FakeLLMModel for Testing and Development

hbllmutils provides a FakeLLMModel that allows developers to simulate LLM behavior for testing, debugging, and rapid prototyping without incurring API costs or waiting for real API responses. This model can be configured with predefined rules to return specific responses based on input messages, supporting both synchronous and streaming interactions.

Key Features of `FakeLLMModel`:

Configurable Responses: Define rules to return specific text or (reasoning, content) tuples.
Conditional Logic: Set up responses based on conditions like keywords in the last message or custom functions.
Streaming Simulation: Simulate streaming responses with a customizable words-per-second rate.
Method Chaining: Rules can be added using a fluent API.

Usage Examples:

from hbllmutils.model import FakeLLMModel
from hbllmutils.history import LLMHistory
import sys

# Initialize FakeLLMModel with a streaming speed of 10 words per second
model = FakeLLMModel(stream_wps=10)

# 1. Always return a specific response
model.response_always("Hello, I am a fake LLM model ready for your commands!")
history_always = LLMHistory().append_user("Hi there!")
response_always = model.ask(history_always.to_json())
print(f"Always Response: {response_always}")
# Expected Output: Always Response: Hello, I am a fake LLM model ready for your commands!

# 2. Respond based on a keyword in the last message
model = FakeLLMModel(stream_wps=10)  # Re-initialize to clear previous rules
model.response_when_keyword_in_last_message("weather", "The weather is sunny with a chance of fake clouds.")
model.response_when_keyword_in_last_message(["time", "hour"], "It\'s always coffee o\'clock in the fake world.")

history_weather = LLMHistory().append_user("What\'s the weather like?")
response_weather = model.ask(history_weather.to_json())
print(f"Weather Response: {response_weather}")
# Expected Output: Weather Response: The weather is sunny with a chance of fake clouds.

history_time = LLMHistory().append_user("What time is it?")
response_time = model.ask(history_time.to_json())
print(f"Time Response: {response_time}")
# Expected Output: Time Response: It\'s always coffee o\'clock in the fake world.

# 3. Respond based on a custom condition
model = FakeLLMModel(stream_wps=10)  # Re-initialize to clear previous rules


def long_conversation_check(messages, **params):
    return len(messages) > 2


model.response_when(long_conversation_check, "This is a long conversation, isn\'t it?")
model.response_always("Short conversation.")  # Fallback for shorter conversations

history_short = LLMHistory().append_user("Hello.")
response_short = model.ask(history_short.to_json())
print(f"Short Conversation: {response_short}")
# Expected Output: Short Conversation: Short conversation.

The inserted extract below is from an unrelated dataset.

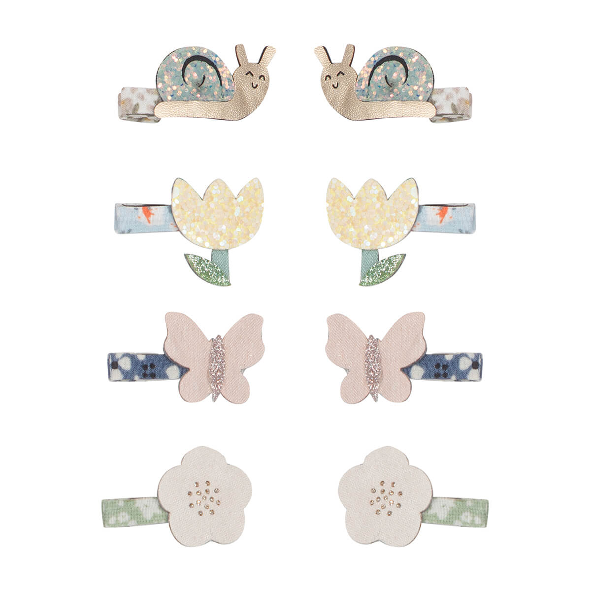Garden Mini Hair Clips by Mimi & Lula. Budding gardeners and outdoor lovers alike will go crazy for these lovely sparkly mini alligator hair clips. Featuring snails, butterflies and flowers intricately crafted from soft leatherette glitter, metallic and plain fabrics.

history_long = LLMHistory().append_user("Hello.").append_assistant("Hi!").append_user("How are you?")
response_long = model.ask(history_long.to_json())
print(f"Long Conversation: {response_long}")
# Expected Output: Long Conversation: This is a long conversation, isn\'t it?

# 4. Streaming responses with reasoning
model = FakeLLMModel(stream_wps=5)  # Slower streaming for demonstration
model.response_always(("Thinking step by step...", "The final answer is 42."))

history_stream = LLMHistory().append_user("What is the meaning of life?")
stream = model.ask_stream(history_stream.to_json(), with_reasoning=True)

print("\nStreaming Response (with reasoning):\n")
for chunk in stream:
    print(chunk, end='')
    sys.stdout.flush()

    print(f"\n\nAccumulated Reasoning: {stream.reasoning_content}")
    print(f"Accumulated Content: {stream.content}")
# Expected Output (with simulated delay):
# Streaming Response (with reasoning):
# Thinking step by step...The final answer is 42.
#
# Accumulated Reasoning: Thinking step by step...
# Accumulated Content: The final answer is 42.

LLM Liveness and Readiness Probes: `hello` and `ping`

hbllmutils.testing.alive module provides simple, yet effective, binary tests to check the liveness and readiness of your LLM models. These functions are particularly useful for ensuring that your integrated LLM services are operational and responding as expected.

`hello` Function

The hello function sends a basic greeting to the LLM and checks if it receives any response. It's a fundamental liveness probe to confirm that the model is accessible and capable of generating output.

Usage Example:

from hbllmutils.model import FakeLLMModel
from hbllmutils.testing.alive import hello

# Create a fake model for demonstration
model = FakeLLMModel()
model.response_always("Hello! How can I assist you today?")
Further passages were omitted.